Notably, Medicare payments are not generally based on quality of outcomes. Payment is generally the same regardless of the result. In fact, it was only recently, under Obamacare, that Medicare began to crack down on double payments for readmission. As the Medicare Payment Advisory Commission points out, “Medicare payment systems have created little or no incentive for providers to spend additional resources on improving quality.”

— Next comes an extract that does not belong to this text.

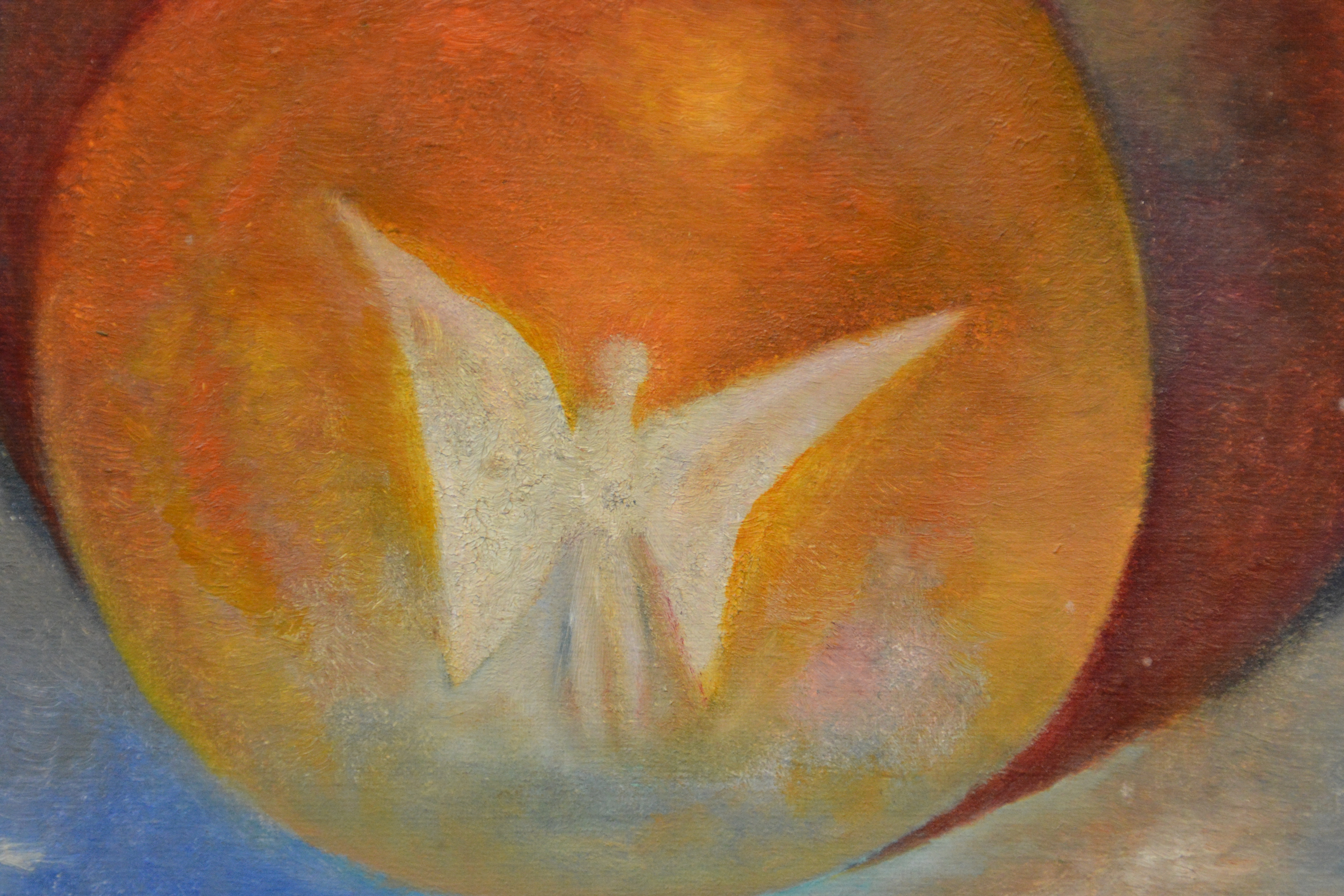 Ingelijst met houten lijst. In het midden met bollen een gevleugelde figuur. In heldere kleuren geschilderd. Niet zichtbaar gesigneerd. In goede staat.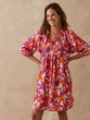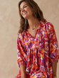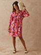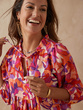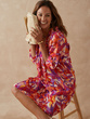 Association du rouge et du violet : le combo gagnant pour l'imprimé de cette robe col volanté qui met du pep's dans la saison !   - Encolure tunisienne avec petit volant et jour échelle -...

If that isn’t enough, Medicare’s entire structure makes little sense. The program consists of four distinct parts (Parts A, B, C, and D), each with its own funding mechanism, cost‐​sharing requirements, and other rules. This can’t help leading to bureaucratic confusion. Worse, the program’s structure is essentially upside down. Deductibles are extremely low (as little as $147 a year under Part B, for instance), encouraging enrollees to overconsume routine care. But the program reduces coverage the longer you are sick, providing no coverage for those hospitalized for more than 90 days. It is as if your car insurance paid for oil changes but wouldn’t cover you if you totaled your car.

Maybe Medicare isn’t so lovable after all.